Foreign workers got council jobs without proper paperwork
Foreign staff at Wolverhampton City Council were allowed to take jobs without adequate proof of their right to work in the UK, a damning report reveals today.
Foreign staff at Wolverhampton City Council were allowed to take jobs without adequate proof of their right to work in the UK, a damning report reveals today.
And council workers applying for a share of £33m of equal pay compensation were able to use TV licences as proof of identification.
A leaked audit report about the compensation revealed how a number of foreign members of staff did not have sufficient documentation when they were recruited and 19 did not have it when applying for equality backpay.
The report, dated March 2008 but not seen by any councillor until this week, shows that concerns were raised over the £33m back pay payout while Labour was in control of the council.
But both Tory and Labour bosses today said they had not been made aware of the concerns raised at the time.
Two workers from overseas were suspended pending an inquiry when the practice was exposed just before they were handed a share of £15,000 in back pay. One was later sacked for working illegally.
Hundreds of other staff could also have been overpaid compensation running to more than £750,000, with the true scale still unknown. One worker received £14,300 more than they should have.
An investigation by the now Conservative-led council has been ordered.
Councillor Wendy Thompson, finance chief for the Conservatives, said: "We want to get to the bottom of what happened and make sure that lessons are learned by everyone involved. It was an enormous amount of money."
A secret report leaked to the Express & Star reveals bosses raised concerns two years ago that their checks on staff were insufficient.
The £33m in back pay left the council's accounts between January and March 2008, when Labour was in charge of the council. Concerns have now been raised about how the payout was made, including it not forming its own item for approval on any council agenda.
In the "strictly confidential" report, written by council senior auditor Ian Cotterill, it was said that some staff should not have been eligible for compensation.

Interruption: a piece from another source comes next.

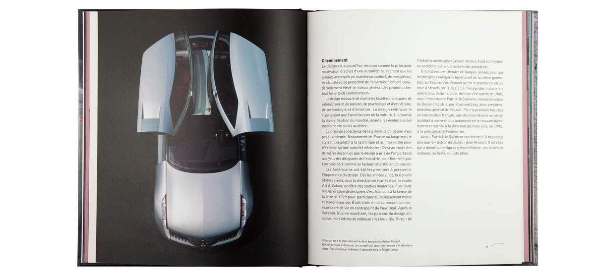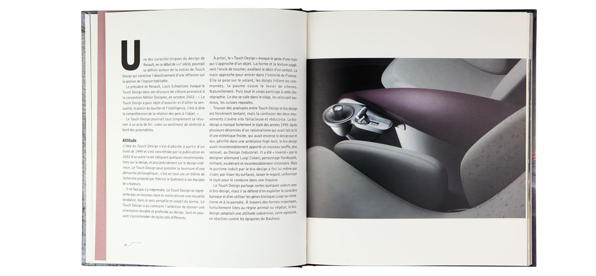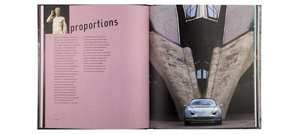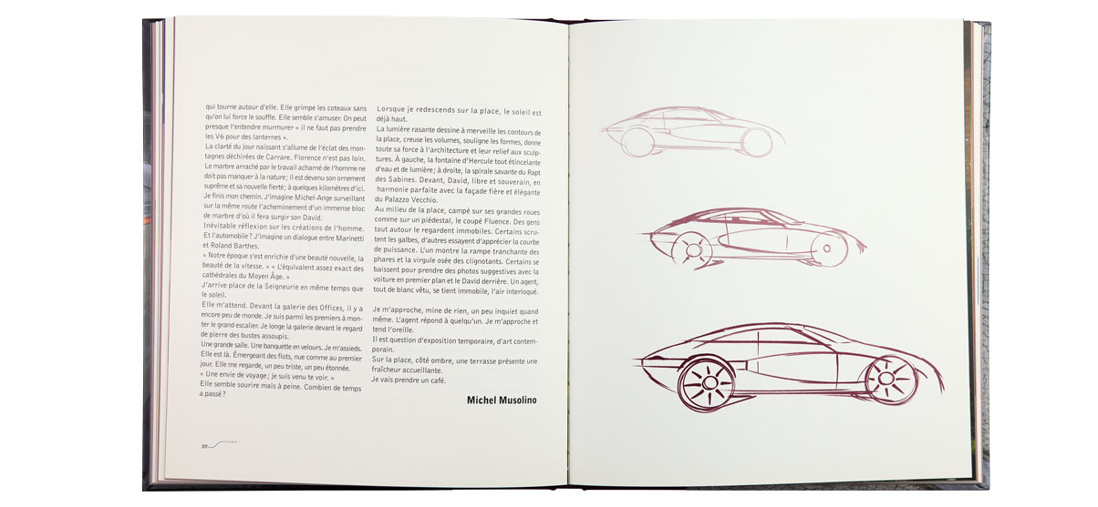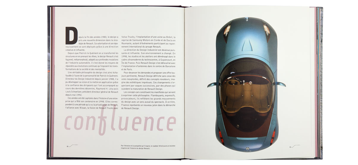 Le livre dévoile le design du concept-car Fluence de Renault. Des inspirations aux premiers croquis, des moindres détails de fabrication et de design jusqu’aux courbes élégantes de la voiture achevée. Le livre a deux entrées: l’une au recto révélant la création de Fluence, l’autre au verso sur les coulisses de la création.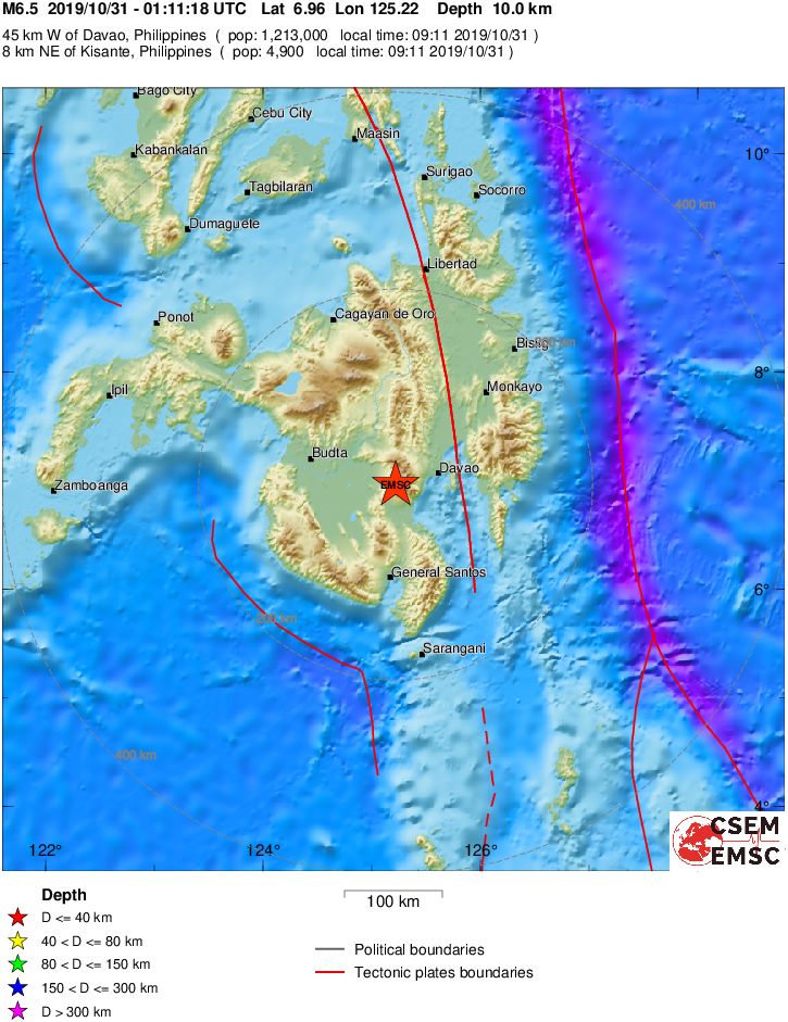 Weiteres schweres Erdbeben auf den Philippinen Nach ersten Berichten erneut erhebliche gemeldet (Donnerstag, 31.10.19) Am Donnerstag hat gegen 02:11 Uhr MEZ (= 09:11 Uhr Ortszeit) ein weiteres schweres Erdbeben die Insel Mindanao im Süden der Philippinen erschüttert. Das Beben erreichte nach vorläufigen Angaben des amerikanischen Erdbebendienstes die Stärke 6,5. Das Epizentrum lag nahe der Stadt Kidapawan (ca. 80.000 Einwohner) und etwa 55 Kilometer westsüdwestlich der Stadt Davao (ca. 1,2 Mio. Einwohner). Der Erdbebenherd befand sich rund 10 Kilometer unter der Oberfläche. Nach ersten Meldungen gab es erneut größere Schäden. Zuletzt hatten zwei schwere Erdstöße der Stärke 6,6 am 29. Oktober und der Stärke 6,4 am 16. Oktober die Insel Mindanao erschüttert und große Schäden angerichtet. ![]() © by USGS - Die Karte des amerikanischen Erdbebendienstes zeigt die Lage des Epizentrums auf den Philippinen. ![]() © by EMSC - Zum Vergrößern bitte klicken. Die Karte des EMSC zeigt die Berechnungen zum Epizentrum des European-Mediterranean Seismological Centre. ![]() © by USGS - Die Karte des amerikanischen Erdbebendienstes zeigt die Lage des Epizentrums in der Region und die Spürbarkeit des Erdstoßes. | |

The 41-page audit, which has not emerged publicly since it was written two years ago, concerned the signing of Cot3 agreements drawn up by the council, which are contracts for payment that avoid the need to go to a tribunal.
Mr Cotterill's report reads: "While examining the Cot3 agreement files, the acceptance of a TV licence as a form of documentation was observed on more than one occasion and a letter from the council in one case, suggesting that inadequate guidance had been given to staff operating the checking process."
Labour leader Councillor Roger Lawrence said his councillors were not made aware of the audit or the concerns it raised, pointing out that the administration of the payment was handled by council officers. But today he said he had made enquiries and was satisfied that appropriate action had been taken following the audit.